Work task: In the data below, locate the line containing "Don't forget to" and the line containing "Figure 3 Coastal youth Occupational Ranking", then retype both and everything between them exactly. Pictures are not part of the copy.

Stored data:
- - -

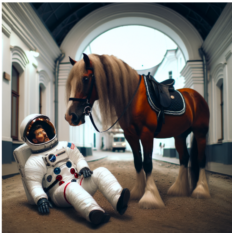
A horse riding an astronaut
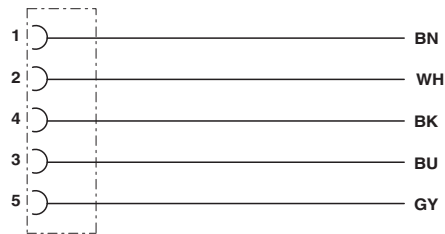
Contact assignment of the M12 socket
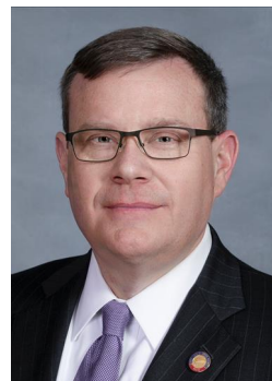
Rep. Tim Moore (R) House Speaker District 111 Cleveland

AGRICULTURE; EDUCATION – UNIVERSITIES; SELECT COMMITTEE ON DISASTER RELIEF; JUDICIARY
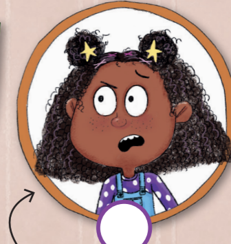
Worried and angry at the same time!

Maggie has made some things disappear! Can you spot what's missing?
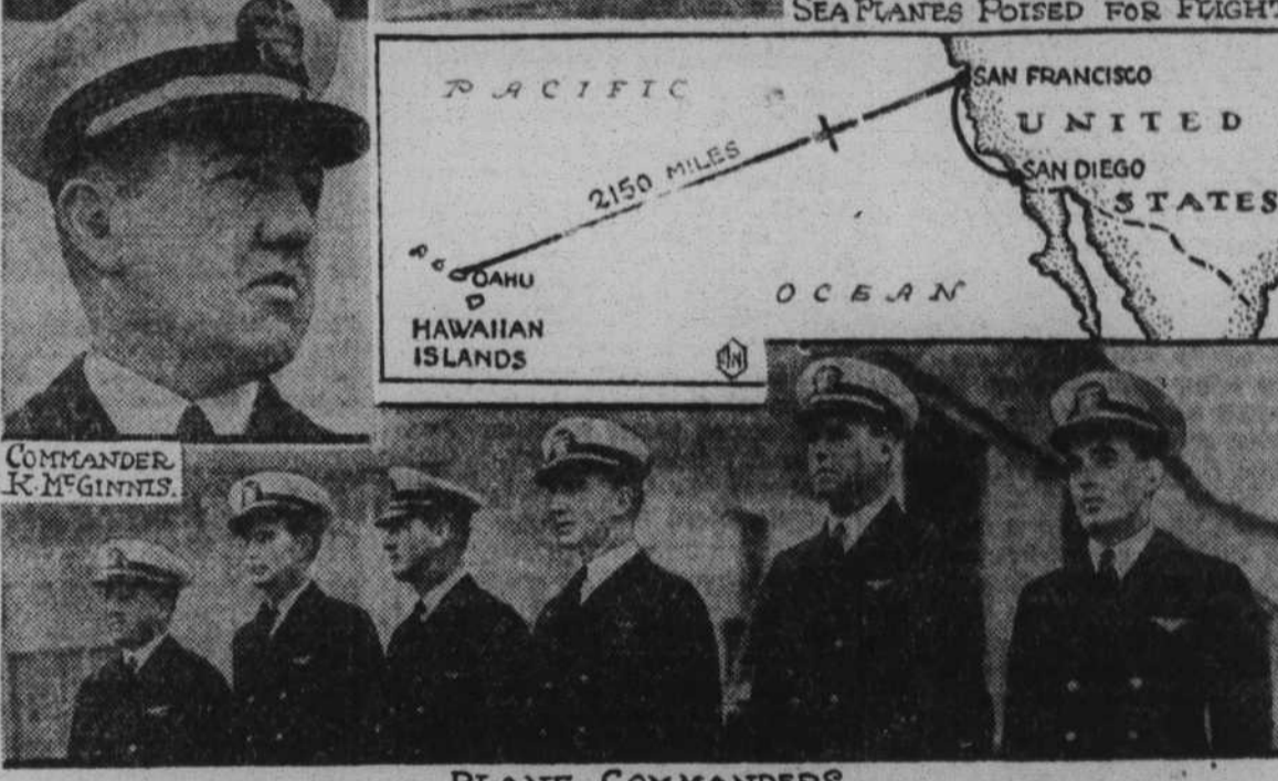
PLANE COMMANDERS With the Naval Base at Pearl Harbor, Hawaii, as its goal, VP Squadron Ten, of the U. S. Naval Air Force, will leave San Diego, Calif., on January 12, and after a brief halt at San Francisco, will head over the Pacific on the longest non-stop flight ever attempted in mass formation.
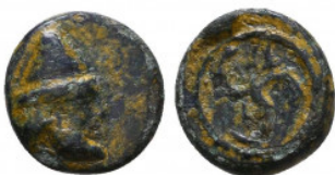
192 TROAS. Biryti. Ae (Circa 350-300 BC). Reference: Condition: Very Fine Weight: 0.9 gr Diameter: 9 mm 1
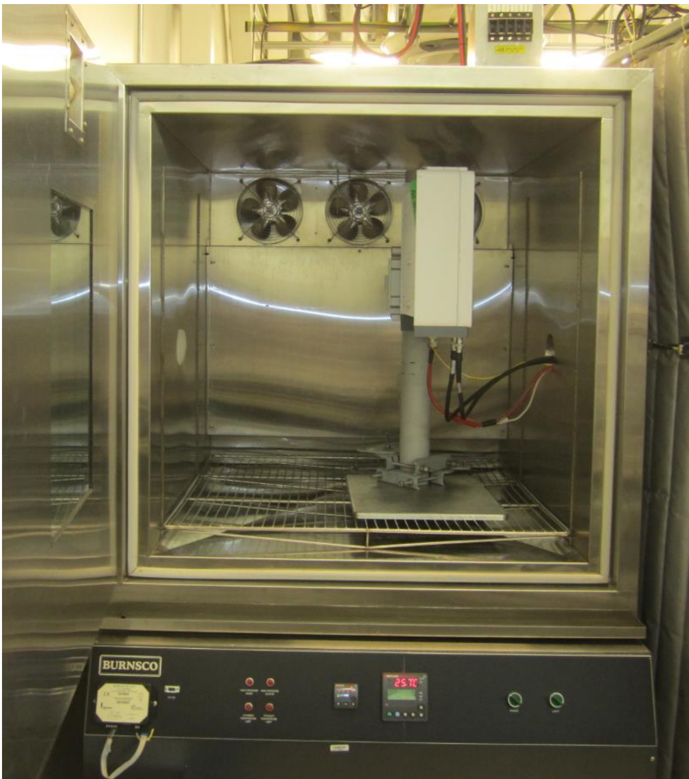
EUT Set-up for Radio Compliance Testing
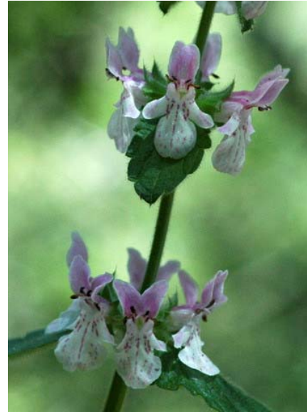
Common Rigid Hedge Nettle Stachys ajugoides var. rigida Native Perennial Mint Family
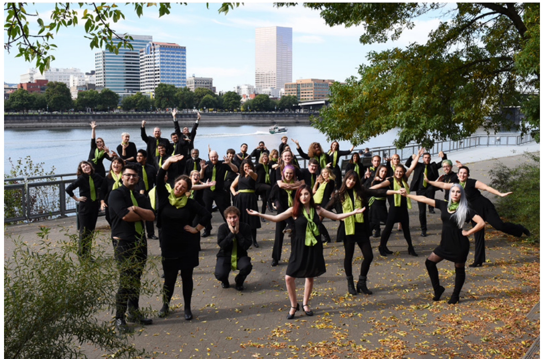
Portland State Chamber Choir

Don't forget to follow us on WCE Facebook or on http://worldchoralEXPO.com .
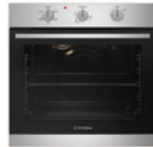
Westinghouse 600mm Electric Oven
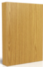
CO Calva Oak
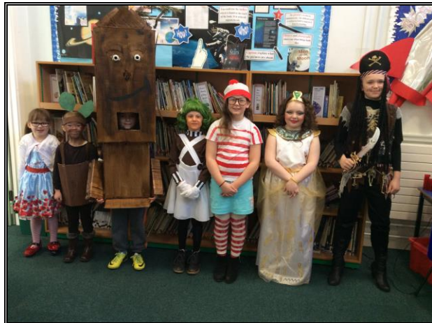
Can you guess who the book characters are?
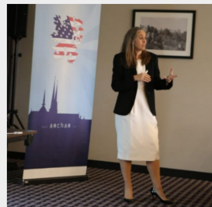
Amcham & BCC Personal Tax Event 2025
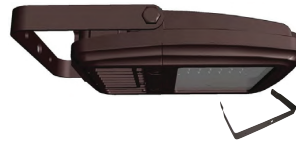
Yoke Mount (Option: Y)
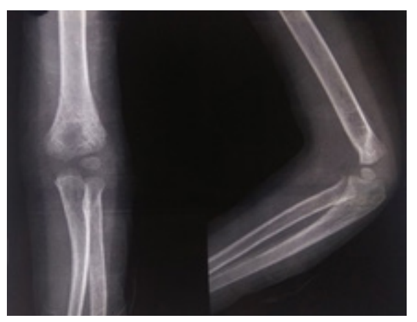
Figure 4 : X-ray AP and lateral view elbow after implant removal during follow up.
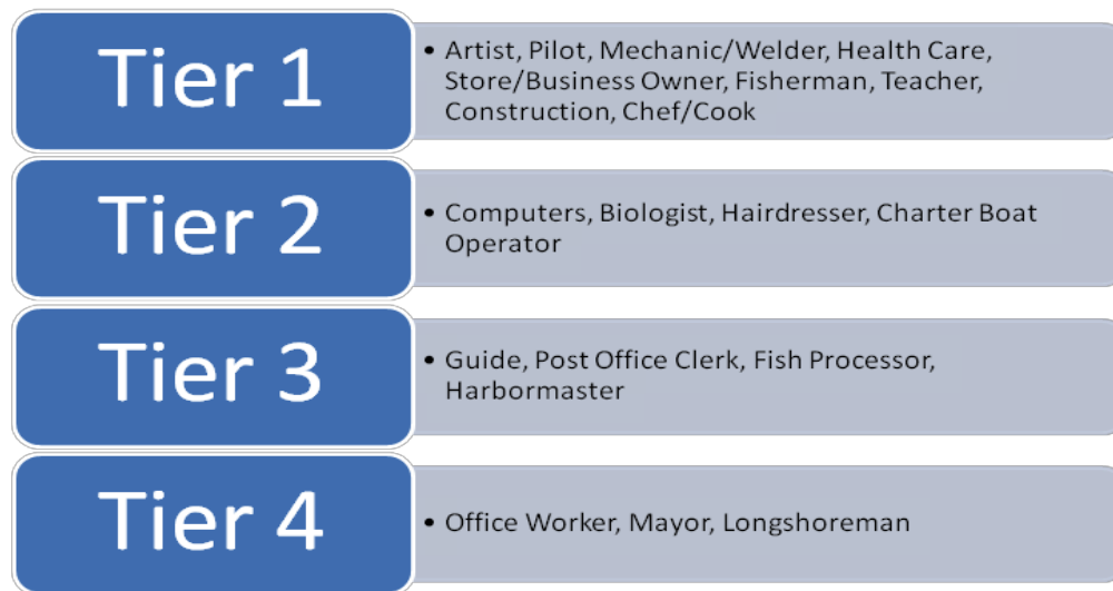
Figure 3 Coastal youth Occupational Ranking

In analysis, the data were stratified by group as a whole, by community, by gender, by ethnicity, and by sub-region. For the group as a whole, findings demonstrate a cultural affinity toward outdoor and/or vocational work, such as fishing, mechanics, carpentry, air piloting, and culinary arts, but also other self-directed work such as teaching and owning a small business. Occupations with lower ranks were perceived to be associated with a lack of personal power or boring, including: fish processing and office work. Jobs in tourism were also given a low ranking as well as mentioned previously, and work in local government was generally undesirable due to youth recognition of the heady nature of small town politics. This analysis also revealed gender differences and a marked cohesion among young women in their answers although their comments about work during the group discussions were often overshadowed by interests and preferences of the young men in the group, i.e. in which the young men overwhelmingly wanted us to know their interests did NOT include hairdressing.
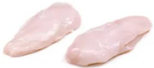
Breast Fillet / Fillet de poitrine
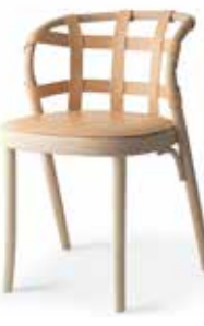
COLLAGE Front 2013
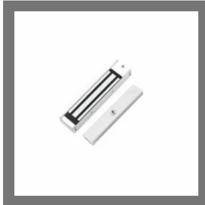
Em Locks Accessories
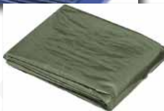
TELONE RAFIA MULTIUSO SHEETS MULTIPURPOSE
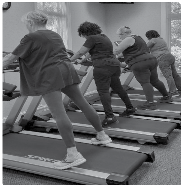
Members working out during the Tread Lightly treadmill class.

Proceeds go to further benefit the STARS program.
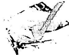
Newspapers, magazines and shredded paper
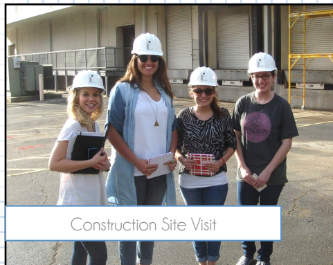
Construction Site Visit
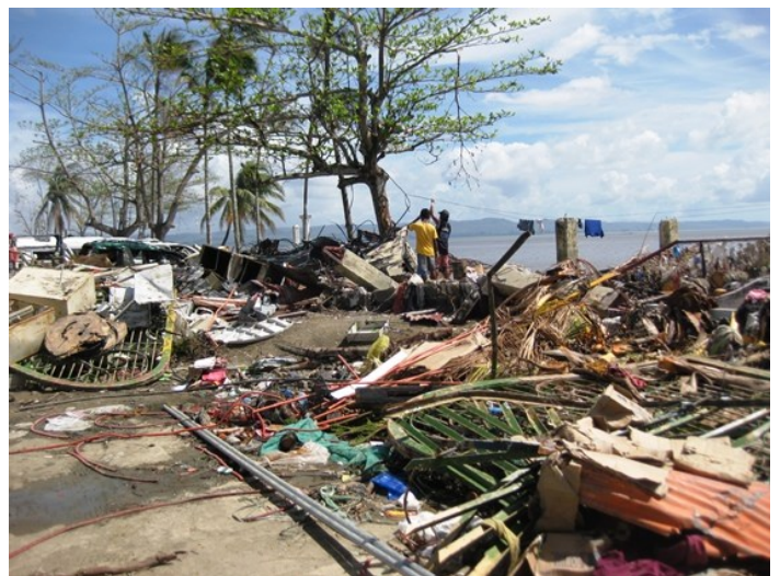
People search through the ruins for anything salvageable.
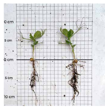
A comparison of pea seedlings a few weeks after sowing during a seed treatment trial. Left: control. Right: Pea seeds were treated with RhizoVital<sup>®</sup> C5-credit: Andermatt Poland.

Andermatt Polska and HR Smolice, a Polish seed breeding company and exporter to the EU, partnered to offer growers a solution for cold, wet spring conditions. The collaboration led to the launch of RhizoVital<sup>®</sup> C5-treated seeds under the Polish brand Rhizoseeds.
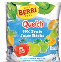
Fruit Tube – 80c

- - -

Solution to this problem:
Don't forget to follow us on WCE Facebook or on http://worldchoralEXPO.com .
Westinghouse 600mm Electric Oven
CO Calva Oak
Can you guess who the book characters are?
Amcham & BCC Personal Tax Event 2025
Yoke Mount (Option: Y)
Figure 4 : X-ray AP and lateral view elbow after implant removal during follow up.
Figure 3 Coastal youth Occupational Ranking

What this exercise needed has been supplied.